- What you should do
Apart from the pictures, output all of the records exactly.

- Data for processing
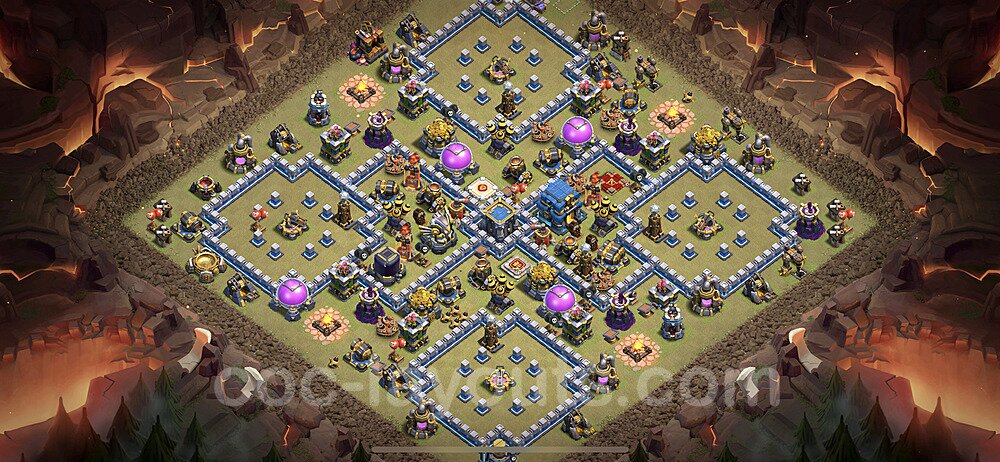 This Town Hall 12 war base is specifically designed to defend against 2-star and 3-star attacks in Clan Wars and Clan War Leagues. The strategic placement of defenses creates multiple compartments that force attackers to use more troops and spells than anticipated. Key defensive structures like Eagle Artillery, Inferno Towers, and X-Bows are positioned to cover crucial sections of the base, making it extremely difficult for opponents to secure a perfect attack. The core of this war base features a centralized Town Hall and Clan Castle, protected by multiple layers of walls and high-damage defenses. This layout forces attackers to commit significant resources just to reach the center, often leaving them without enough firepower to secure the Town Hall destruction. The anti-2-star design ensures that even if attackers breach the outer defenses, they'll struggle to achieve a 50% destruction rating. Air defenses are strategically spread to counter popular air attack strategies like LaLoon (Lava Hound + Balloons) and Electrone (Electro Dragons + Stone Slammer). The symmetrical trap placement and strategic Hidden Tesla positions create deadly surprise elements that can completely derail an attacker's plan. This base has been tested against various meta attack strategies and has consistently proven effective in preventing 3-star attacks.
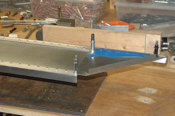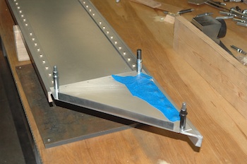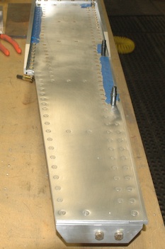 Well, mostly riveted. All the rivets that I plan on riveting now are done. I still have 20 out of almost 300 to do. This first picture shows the remaining rivets. The nearest stretch of blue tape with the two clecos is all that remains. These rivets are inaccessible when using the rivet gun. I will have to use the bolt method and a modified bolt at that. This is not a surprise and even if I had used the bolt method all the way through I would still have saved these for last. My plan is to do them when I do the same ones on the Left Main Spar. These pictures are after doing the bulk of the rivets in the outboard section of the spar. The rivets under the blue tape have the heads reversed. My rule for riveting the spar is factory head on the thin web material and upset head on the thick spar material. The spar had to be turned over here to do these rivets and some others. |
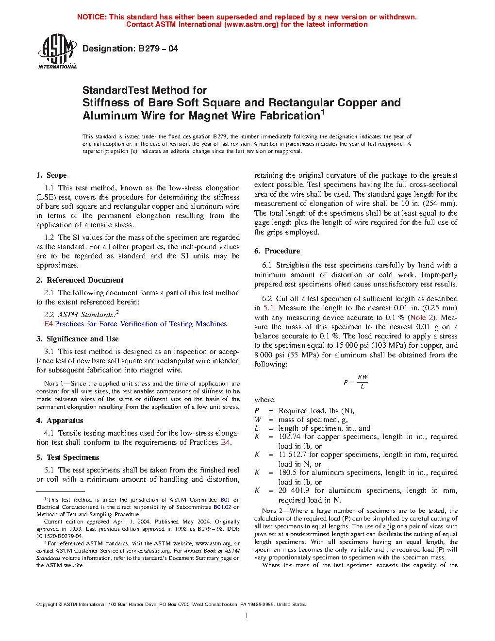 1.1 This test method, known as the low-stress elongation (LSE) test, covers the procedure for determining the stiffness of bare soft square and rectangular copper and aluminum wire in terms of the permanent elongation resulting from the application of a stress of tensile.
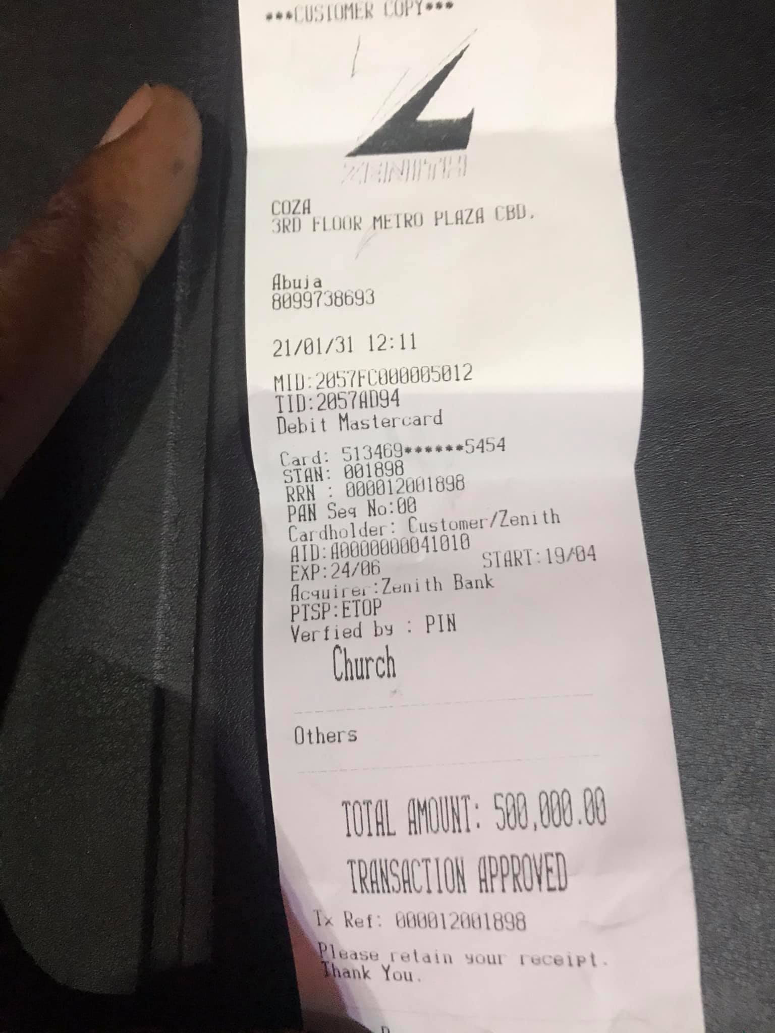 Isaac Fayose, brother of former Governor of Ekiti state, Ayodele Fayose has shared a receipt of the ‘seed he sowed’ in Commonwealth of Zion Assembly (COZA), a Church founded by Pastor Biodun Fatoyinbo.
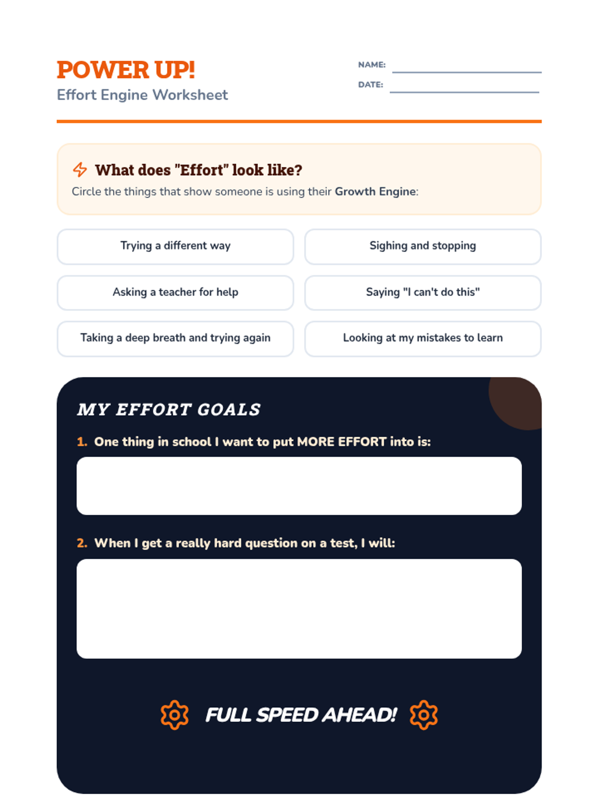 Student worksheet for Session 2 where they identify growth mindset behaviors and set personal effort goals, optimized for 8.5x11 printing.
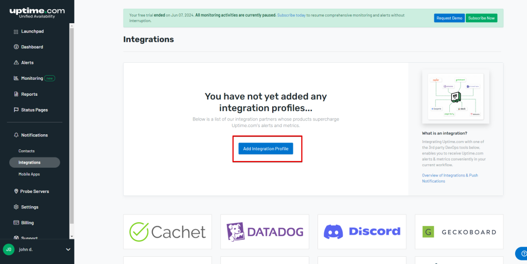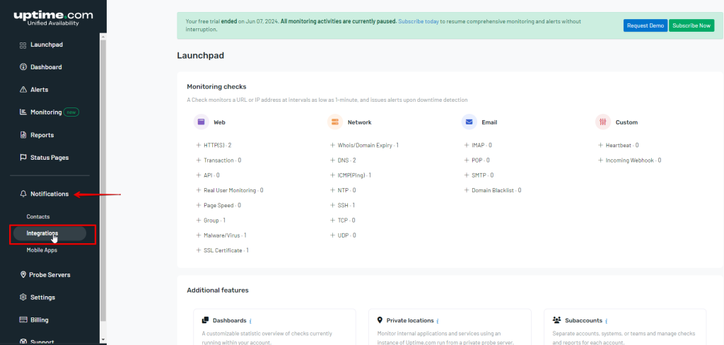 - On the sidebar, click on Notifications > Integrations.
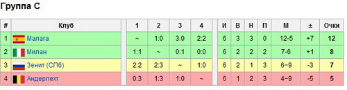Группа C. Зенит – Малага 2:2 (Буонанотте, 8, Себа Фернандес, 9)
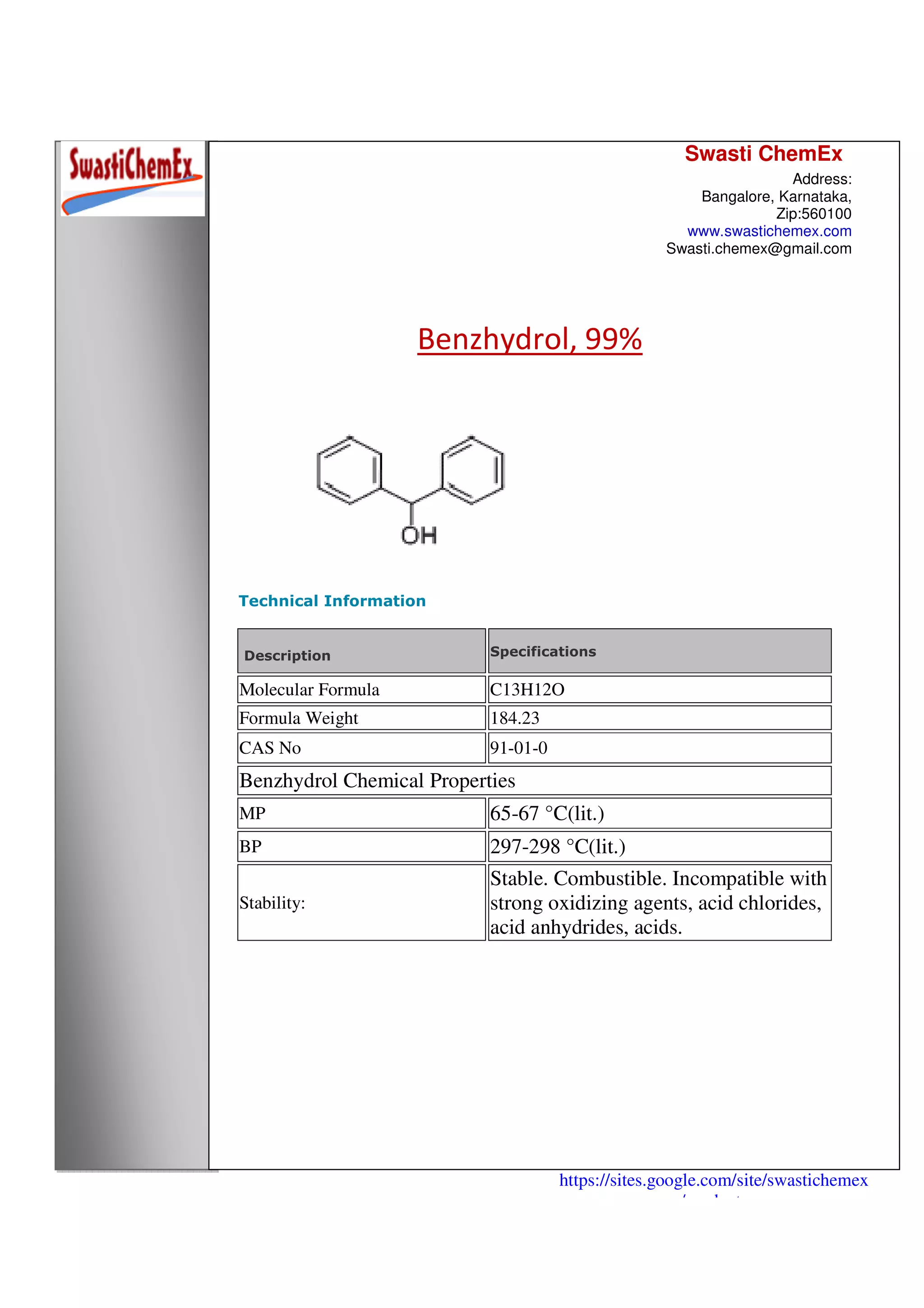 Swasti ChemEx is a chemical company located in Bangalore, India that produces Benzhydrol at 99% purity. Benzhydrol has a molecular formula of C13H12O, molecular weight of 184.23, and CAS number of 91-01-0. It has a melting point of 65-67 °C and boiling point of 297-298 °C. Benzhydrol is stable but combustible and incompatible with strong oxidizing agents, acid chlorides, acid anhydrides, and acids.
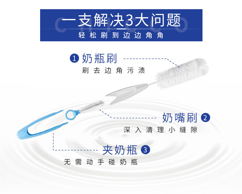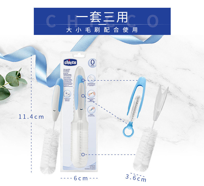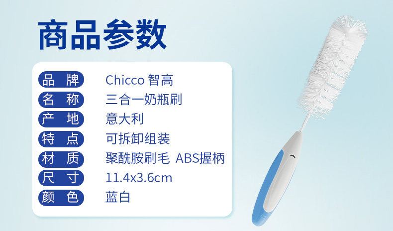 Chicco智高 三合一奶瓶清洁刷套装 洗奶瓶刷子奶嘴刷奶瓶夹
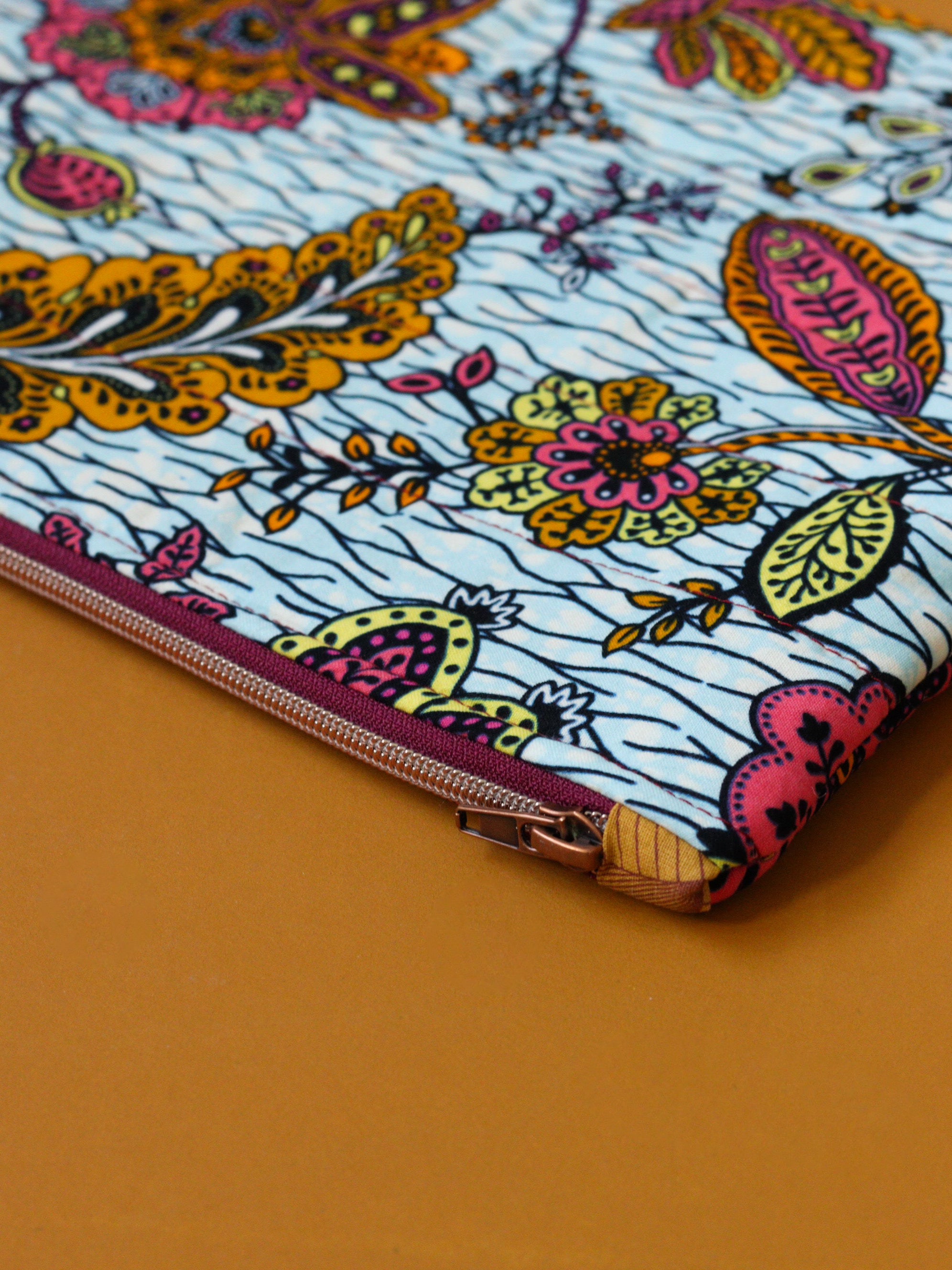 Cette pochette matelassée en wax style indienne est parfaite pour ranger vos petites affaires : un livre, du maquillage,... Tout ce qui traîne habituellement au fond du sac, vous le retrouverez en un instant. Les détails sont soignés : matelassage aux couleurs assorties et fermeture éclair cuivrée.

- Answer for this exercise
 This Town Hall 12 war base is specifically designed to defend against 2-star and 3-star attacks in Clan Wars and Clan War Leagues. The strategic placement of defenses creates multiple compartments that force attackers to use more troops and spells than anticipated. Key defensive structures like Eagle Artillery, Inferno Towers, and X-Bows are positioned to cover crucial sections of the base, making it extremely difficult for opponents to secure a perfect attack. The core of this war base features a centralized Town Hall and Clan Castle, protected by multiple layers of walls and high-damage defenses. This layout forces attackers to commit significant resources just to reach the center, often leaving them without enough firepower to secure the Town Hall destruction. The anti-2-star design ensures that even if attackers breach the outer defenses, they'll struggle to achieve a 50% destruction rating. Air defenses are strategically spread to counter popular air attack strategies like LaLoon (Lava Hound + Balloons) and Electrone (Electro Dragons + Stone Slammer). The symmetrical trap placement and strategic Hidden Tesla positions create deadly surprise elements that can completely derail an attacker's plan. This base has been tested against various meta attack strategies and has consistently proven effective in preventing 3-star attacks.
 Well, mostly riveted. All the rivets that I plan on riveting now are done. I still have 20 out of almost 300 to do. This first picture shows the remaining rivets. The nearest stretch of blue tape with the two clecos is all that remains. These rivets are inaccessible when using the rivet gun. I will have to use the bolt method and a modified bolt at that. This is not a surprise and even if I had used the bolt method all the way through I would still have saved these for last. My plan is to do them when I do the same ones on the Left Main Spar. These pictures are after doing the bulk of the rivets in the outboard section of the spar. The rivets under the blue tape have the heads reversed. My rule for riveting the spar is factory head on the thin web material and upset head on the thick spar material. The spar had to be turned over here to do these rivets and some others. |
 1.1 This test method, known as the low-stress elongation (LSE) test, covers the procedure for determining the stiffness of bare soft square and rectangular copper and aluminum wire in terms of the permanent elongation resulting from the application of a stress of tensile.
 Isaac Fayose, brother of former Governor of Ekiti state, Ayodele Fayose has shared a receipt of the ‘seed he sowed’ in Commonwealth of Zion Assembly (COZA), a Church founded by Pastor Biodun Fatoyinbo.
 Student worksheet for Session 2 where they identify growth mindset behaviors and set personal effort goals, optimized for 8.5x11 printing.
 - On the sidebar, click on Notifications > Integrations.
Группа C. Зенит – Малага 2:2 (Буонанотте, 8, Себа Фернандес, 9)
 Swasti ChemEx is a chemical company located in Bangalore, India that produces Benzhydrol at 99% purity. Benzhydrol has a molecular formula of C13H12O, molecular weight of 184.23, and CAS number of 91-01-0. It has a melting point of 65-67 °C and boiling point of 297-298 °C. Benzhydrol is stable but combustible and incompatible with strong oxidizing agents, acid chlorides, acid anhydrides, and acids.
 Chicco智高 三合一奶瓶清洁刷套装 洗奶瓶刷子奶嘴刷奶瓶夹
 Cette pochette matelassée en wax style indienne est parfaite pour ranger vos petites affaires : un livre, du maquillage,... Tout ce qui traîne habituellement au fond du sac, vous le retrouverez en un instant. Les détails sont soignés : matelassage aux couleurs assorties et fermeture éclair cuivrée.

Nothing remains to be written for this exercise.